Note: This bug is displayed in read-only format because the product is no longer active in Red Hat Bugzilla.

Bug 1978396

Summary:	Cannot trace cloud provider calls and it looks like ocp is executing "DetachLoadBalancerFromSubnets" in aws causing outage
Product:	OpenShift Container Platform	Reporter:	Anand Paladugu <apaladug>
Component:	Cloud Compute	Assignee:	Joel Speed <jspeed>
Cloud Compute sub component:	Other Providers	QA Contact:	sunzhaohua <zhsun>
Status:	CLOSED INSUFFICIENT_DATA	Docs Contact:
Severity:	high
Priority:	low	CC:	jspeed, mfedosin, mimccune
Version:	4.7
Target Milestone:	---
Target Release:	---
Hardware:	Unspecified
OS:	Unspecified
Whiteboard:
Fixed In Version:		Doc Type:	If docs needed, set a value
Doc Text:		Story Points:	---
Clone Of:		Environment:
Last Closed:	2022-03-09 12:53:35 UTC	Type:	Bug
Regression:	---	Mount Type:	---
Documentation:	---	CRM:
Verified Versions:		Category:	---
oVirt Team:	---	RHEL 7.3 requirements from Atomic Host:
Cloudforms Team:	---	Target Upstream Version:
Embargoed:

Description Anand Paladugu 2021-07-01 17:40:27 UTC

Description of problem:

It looks like ocp is executing "DetachLoadBalancerFromSubnets" in aws causing outage. We (and Cu) cannot see these calls in the OCP logs.

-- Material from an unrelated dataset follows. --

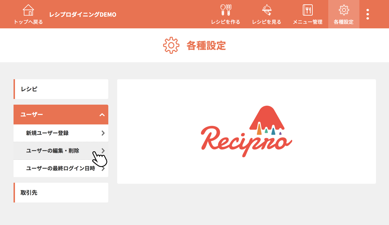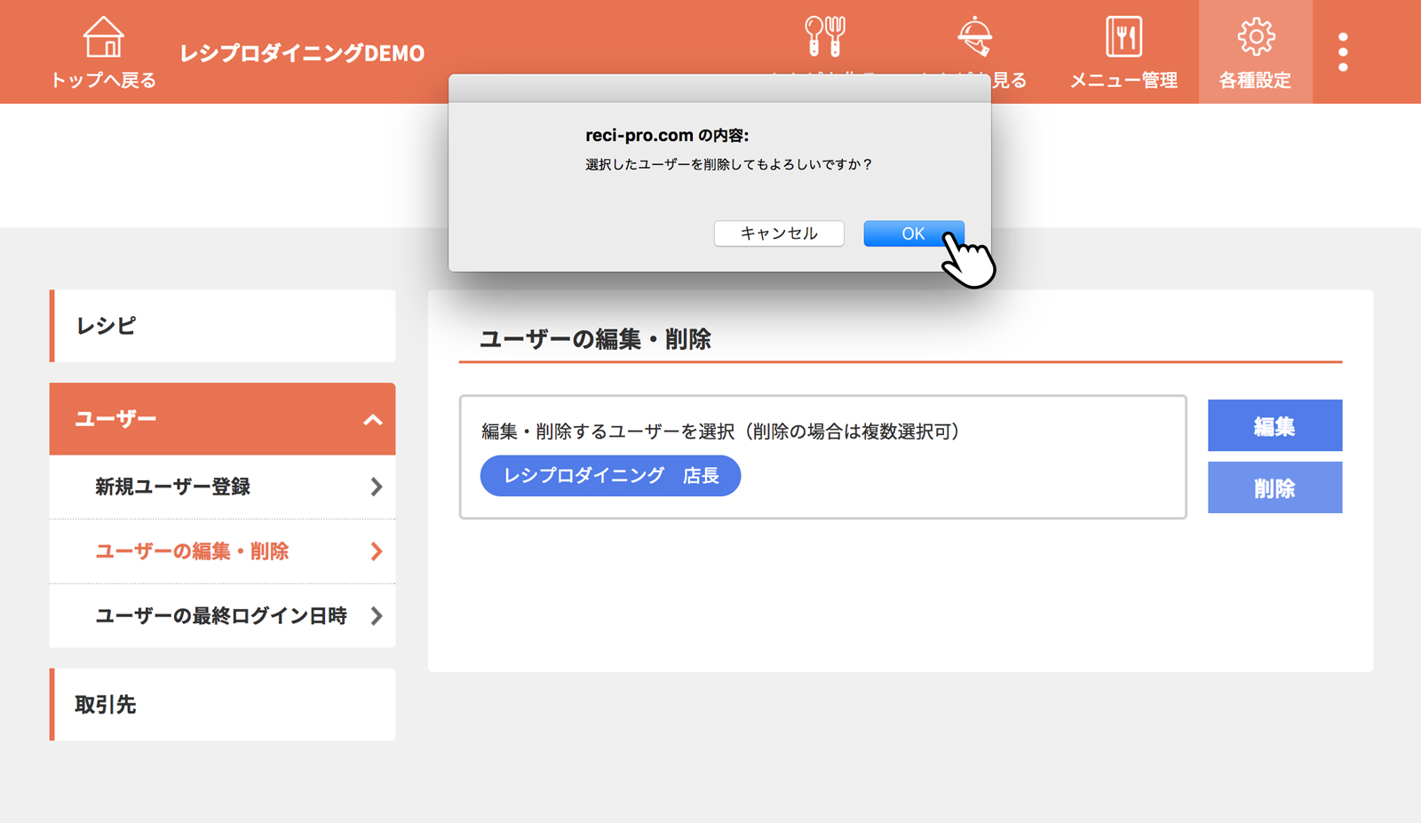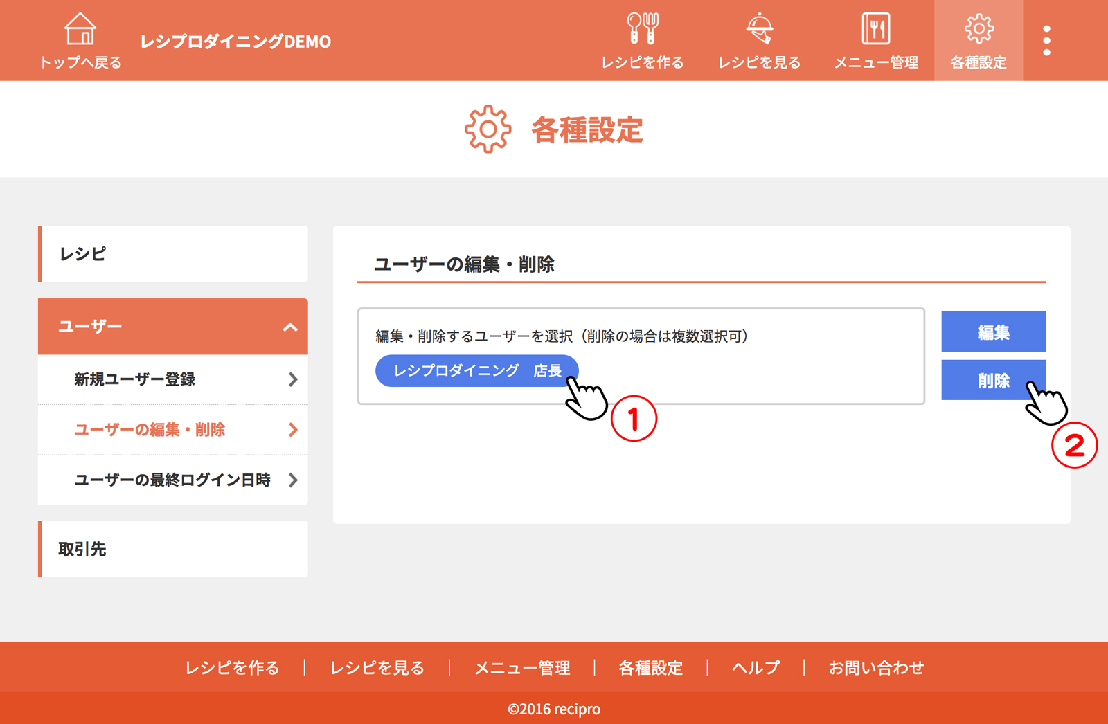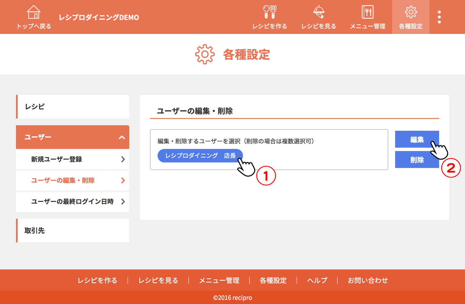 [ユーザーの編集・削除]をクリック(タップ)

Version-Release number of selected component (if applicable):

4.7

How reproducible:

Once

Steps to Reproduce:
1. Remove tags on the target groups
2.
3.

Actual results:

Logs dont show cloud provider calls.

Expected results:

Logs should show cloud provider calls

Additional info:

Cu deployed OCP 4.7 on AWS (UPI) and was notified by thier AWS rep that OCP tried to delete all three target groups from the loadbalancer (classic) that is in front of the OCP ingress controller (and AWS logs show OCP issuing DetachLoadBalancerFromSubnets), but AWS code prevents the last target group from being removed.   However the removal of two target groups impacted Cu's cluster and it was inaccessible since both router pods could not be reached for authentication.   Upon investigation, they thought the label on the target groups (kubernetes.io/cluster/ocp-prod-5j6wg  shared) was removed and that could have made the cloud provider to issue the call  DetachLoadBalancerFromSubnets.    After they fixed the label issue, they did not see this issue re-occur, but are interested in knowing how to trace the cloud provider calls in future.  Interestingly, when I remove the tags in our local setups, I dont see the same issue happening.  Cu's request is how can we trace the cloud provider calls, so they can see when what is being done.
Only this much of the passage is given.